▶ **Work order**
Which lines run from the one containing "今日はバレンタインデーです♡おやつはチョコでコーテイングしたホットケーキです♡" through the last line of the records? Copy them exactly, leaving pictures out.
........
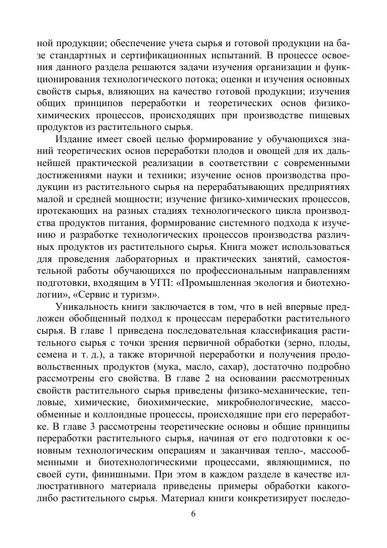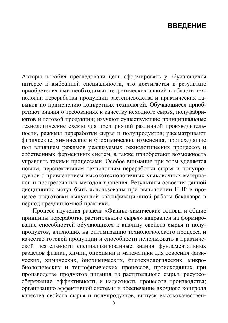 Учебное пособие предназначено для формирования знаний теоретических основ переработки плодов и овощей с целью их дальнейшей практической реализации в соответствии с современными достижениями науки и техники. Материал книги конкретизирует последовательные стадии переработки растительного сырья, что позволяет рассмотреть и понять принципы этих процессов в целом. Уникальность книги заключается в том, что в ней впервые предложен обобщенный подход к процессам переработки растительного сырья. Изучение основ производства пищевой продукции из растительного сырья на перерабатывающих предприятиях, физико-химических процессов, протекающих на разных стадиях технологического цикла производства продуктов питания, системный подход в изучении технологических процессов производства различных продуктов из растительного сырья позволяют сформировать у обучающихся целостную картину при постижении физико-химических основ и общих принципов переработки сырья растительного происхождения. Соответствует современным требованиям Федерального государственного образовательного стандарта среднего профессионального образования и профессиональным квалификационным требованиям. Учебное пособие предназначено для студентов СПО, обучающихся по профессиональным направлениям подготовки, входящим в УГП «Промышленная экология и биотехнологии», «Сервис и туризм», может использоваться для проведения лабораторных, практических занятий и самостоятельной работы обучающихся.
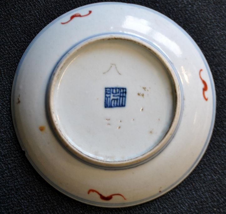Chinese porcelain plate, polychron decorated, 19th century Motif with flowers and script. Signed. Diameter: 12 cm.Item number: 27184
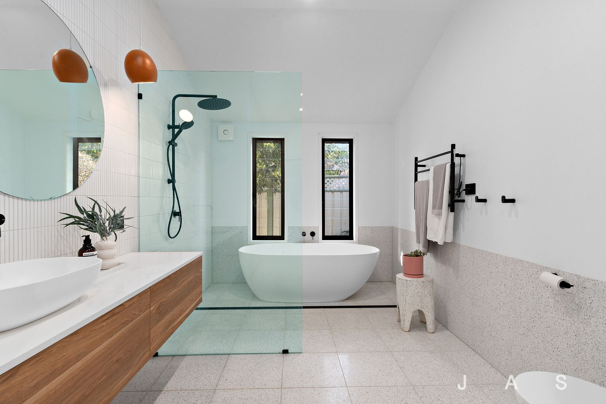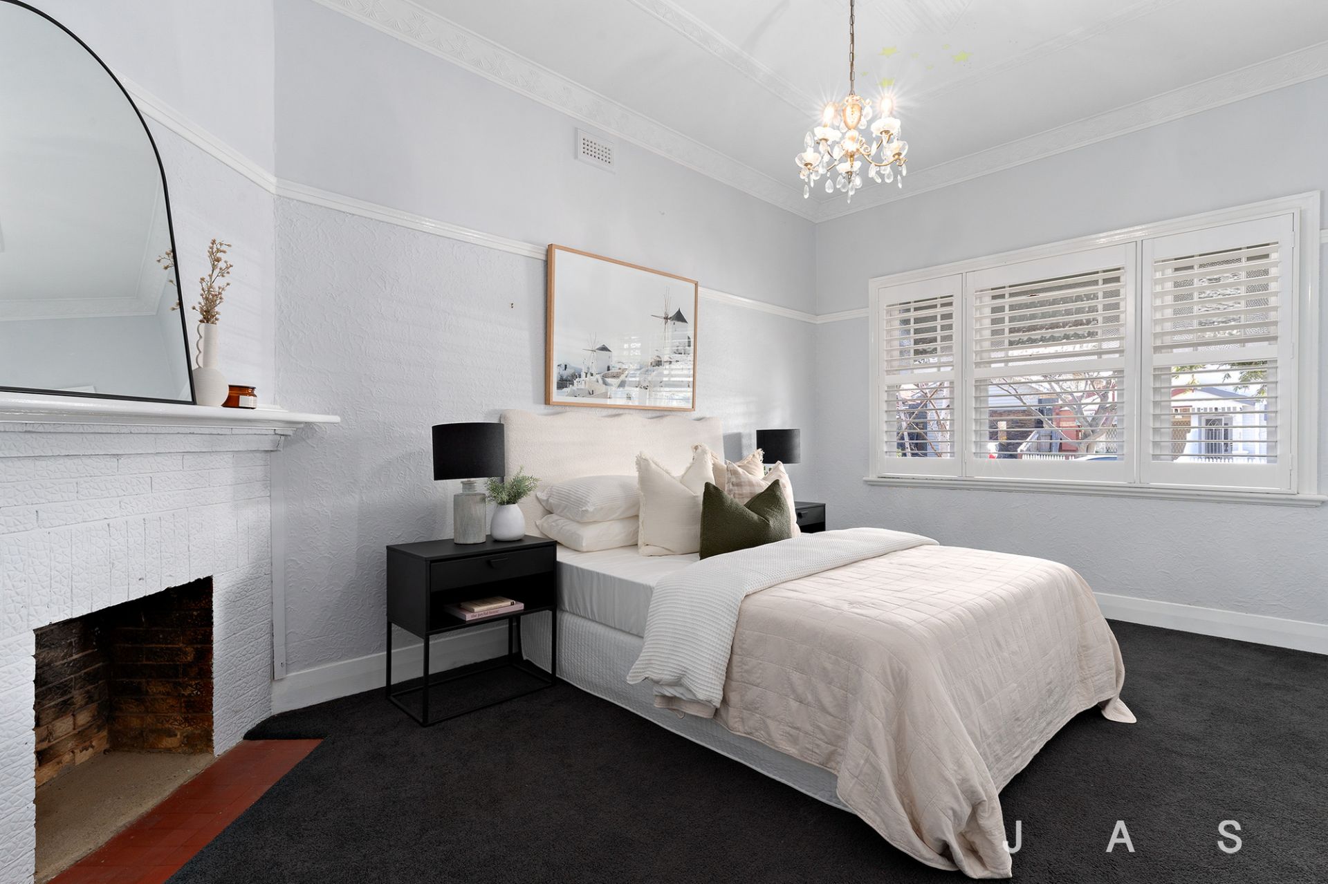 The luxurious master suite offers a dreamy retreat, with a large walk-in robe and a fully-tiled ensuite with a walk-in rainfall shower. The second bedroom enjoys excellent storage and a built-in desk, while the oversized third bedroom boasts a period fireplace and front garden views and could also be used as a formal lounge. Taking the luxury up a notch is the spectacular main bathroom, where terrazzo and matchstick tiling provide a stylish backdrop for an inviting bathtub and a rainfall shower.
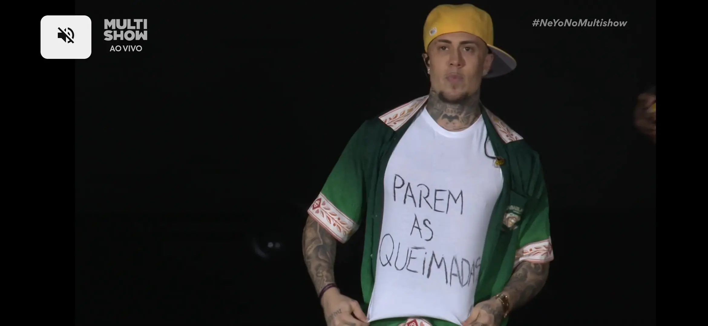 Durante o show do cantor Ne-Yo no Rock in Rio, na noite desse domingo (22), o paulista MC Daniel subiu ao palco de surpresa. Ele cantou a música "Vamo de Pagodin" e mostrou uma camisa com a frase “Parem as queimadas” antes de sair da apresentação.
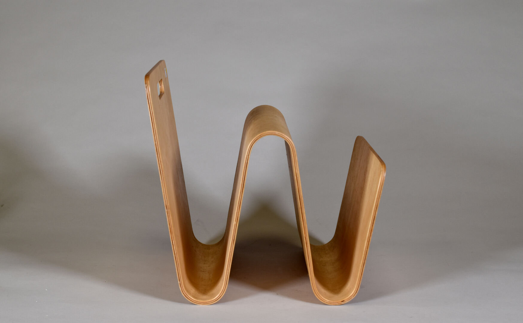 Dans le goût Alvar Aalto. Porte revues en contre plaqué blond (mouillures). Haut. : 36,5 cm – Larg. : 37 cm – Prof. : 32,5 cm.
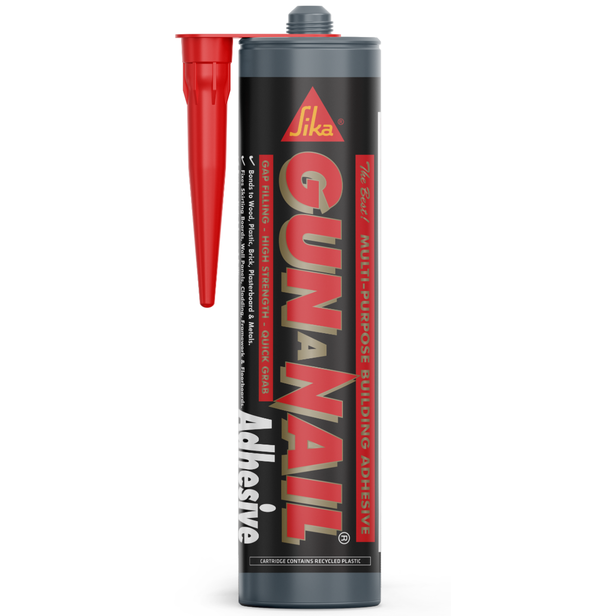 Sika® Gun a Nail is a high strength, gap filling multi-purpose building adhesive based on a solvent free system for use in a wide variety of building and home improvement applications. Sika® Gun a Nail can be used where at least one of the substrates to be bonded is porous.
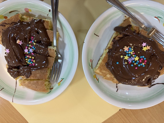 今日はバレンタインデーです♡おやつはチョコでコーテイングしたホットケーキです♡
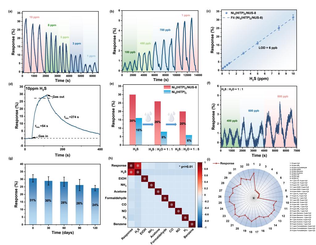 基于Ni3(HITP)2/NUS-8传感器的气体室温传感性能
........
▶ **Your solution**
 今日はバレンタインデーです♡おやつはチョコでコーテイングしたホットケーキです♡
 基于Ni3(HITP)2/NUS-8传感器的气体室温传感性能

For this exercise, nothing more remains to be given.